In this study, I did not consider topographical factors (such as elevation and distance to the coast), climatic factors, or other environmental variables (vegetation setting) which may have important confounding effects on the latitudinal gradients. For instance, since earwigs are mainly hygrophilous insects, countries with a dry continental climate may have less earwig species than those with a humid climate situated at the same latitudes. This may explain, for example, the very small number of species found in Mongolia (a country dominated by extreme continental climatic conditions), despite the large size of this country.
The historical scenarios inferred in this paper from the observed patterns and earwig biology might serve as working hypothesis for future research incorporating phylogenetic information from molecular data, fine-grained distributional data, and environmental variables.

Supplementary Materials

The following supporting information can be downloaded at: https://www.mdpi.com/article/10.3390/d14100890/s1: Table S1: Longitude, latitude, area, average temperature, average precipitation and number of earwig species for countries classified as mainlands or islands.
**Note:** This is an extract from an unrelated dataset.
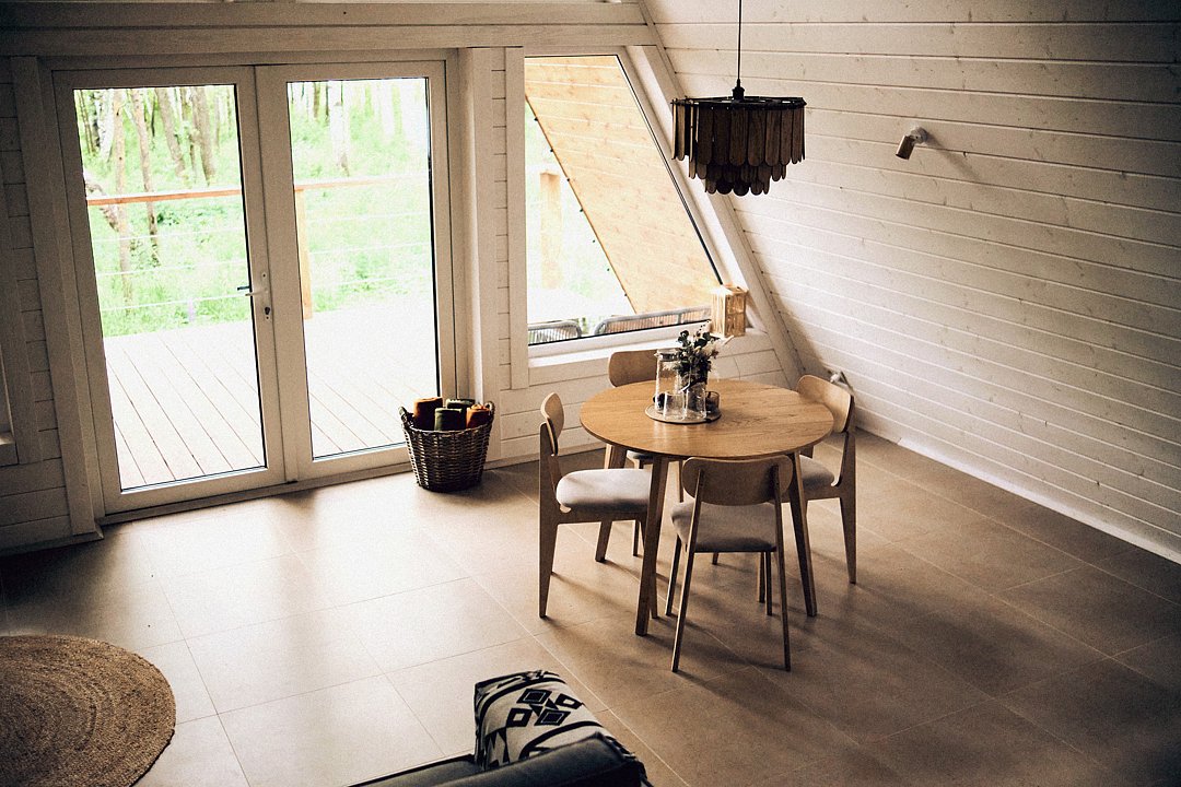 На террасе каждого домика есть диван с креслами и стол. Также на территории есть кафе, чтобы вы могли полноценно отдохнуть и не стоять у плиты).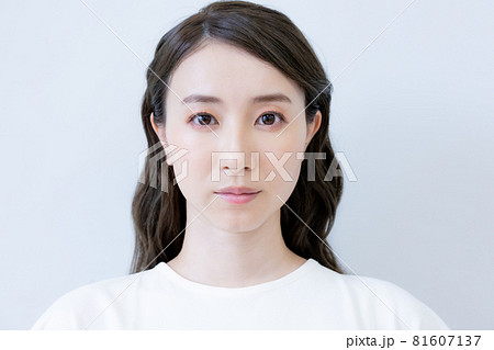 白バックの若い女性の顔のポートレート 撮影協力:中央工学校付属日本語学校

Table S2: Latitudinal patterns of variation of average annual temperature and precipitation (second-order polynomial regressions), and relationships between earwig diversity (residuals from the species–area relationships; Tables 1–3) and precipitation (linear regressions). Figure S1: Global pattern of earwig species richness by country. Figure S2: Latitudinal patterns of variation in average annual temperature (a) and precipitation (b) by country. Regression equations are given in Table S2. Figure S3: Relationship between earwig diversity and average annual temperature at global level. Regression equation is given in Table S2. Figure S4: Relationships between earwig diversity and precipitation. Regression equations are given in Table S2.

Funding

This research received no external funding.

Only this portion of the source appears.